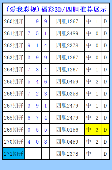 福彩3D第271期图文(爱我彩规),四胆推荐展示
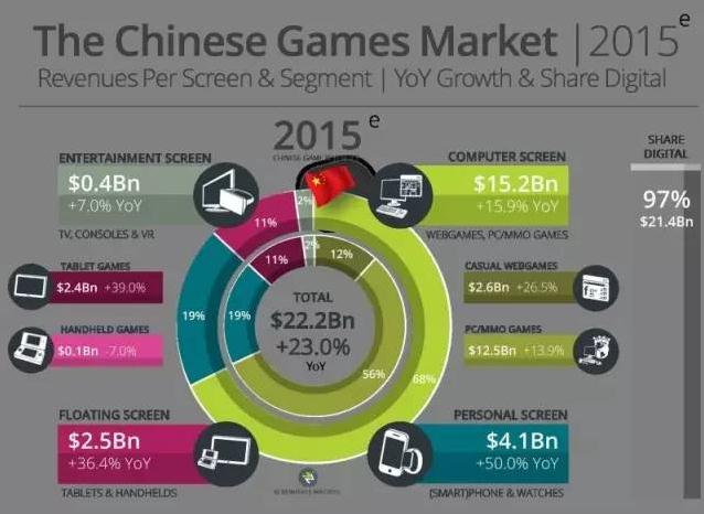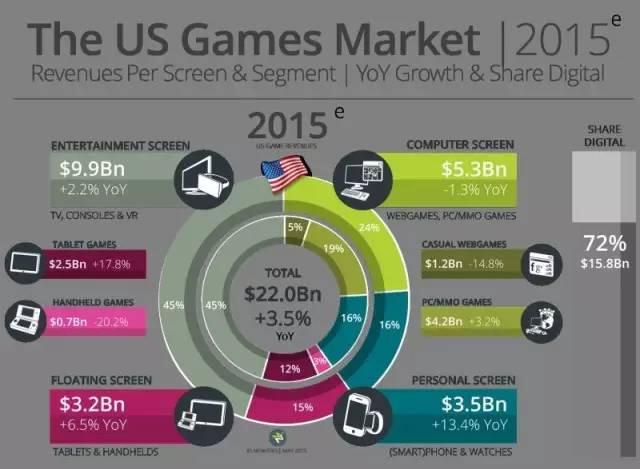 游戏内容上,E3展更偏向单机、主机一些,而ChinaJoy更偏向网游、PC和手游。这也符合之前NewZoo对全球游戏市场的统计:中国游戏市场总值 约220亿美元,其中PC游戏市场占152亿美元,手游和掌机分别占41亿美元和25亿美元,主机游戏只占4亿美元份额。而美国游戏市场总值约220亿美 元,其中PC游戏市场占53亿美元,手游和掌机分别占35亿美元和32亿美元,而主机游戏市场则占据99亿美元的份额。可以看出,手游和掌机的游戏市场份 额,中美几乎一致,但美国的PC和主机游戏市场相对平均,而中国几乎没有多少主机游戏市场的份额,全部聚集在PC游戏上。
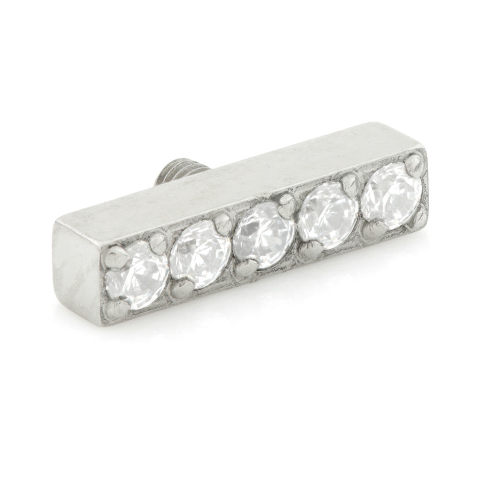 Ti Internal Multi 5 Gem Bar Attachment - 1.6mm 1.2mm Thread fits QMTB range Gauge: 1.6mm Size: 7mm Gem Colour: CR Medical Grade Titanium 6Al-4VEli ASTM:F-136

—————

● TASK INSTRUCTIONS: Give the listing again word for word, but drop every picture.

● SOLUTION FOR THIS TASK:
 福彩3D第271期图文(爱我彩规),四胆推荐展示
 游戏内容上,E3展更偏向单机、主机一些,而ChinaJoy更偏向网游、PC和手游。这也符合之前NewZoo对全球游戏市场的统计:中国游戏市场总值 约220亿美元,其中PC游戏市场占152亿美元,手游和掌机分别占41亿美元和25亿美元,主机游戏只占4亿美元份额。而美国游戏市场总值约220亿美 元,其中PC游戏市场占53亿美元,手游和掌机分别占35亿美元和32亿美元,而主机游戏市场则占据99亿美元的份额。可以看出,手游和掌机的游戏市场份 额,中美几乎一致,但美国的PC和主机游戏市场相对平均,而中国几乎没有多少主机游戏市场的份额,全部聚集在PC游戏上。
 Ti Internal Multi 5 Gem Bar Attachment - 1.6mm 1.2mm Thread fits QMTB range Gauge: 1.6mm Size: 7mm Gem Colour: CR Medical Grade Titanium 6Al-4VEli ASTM:F-136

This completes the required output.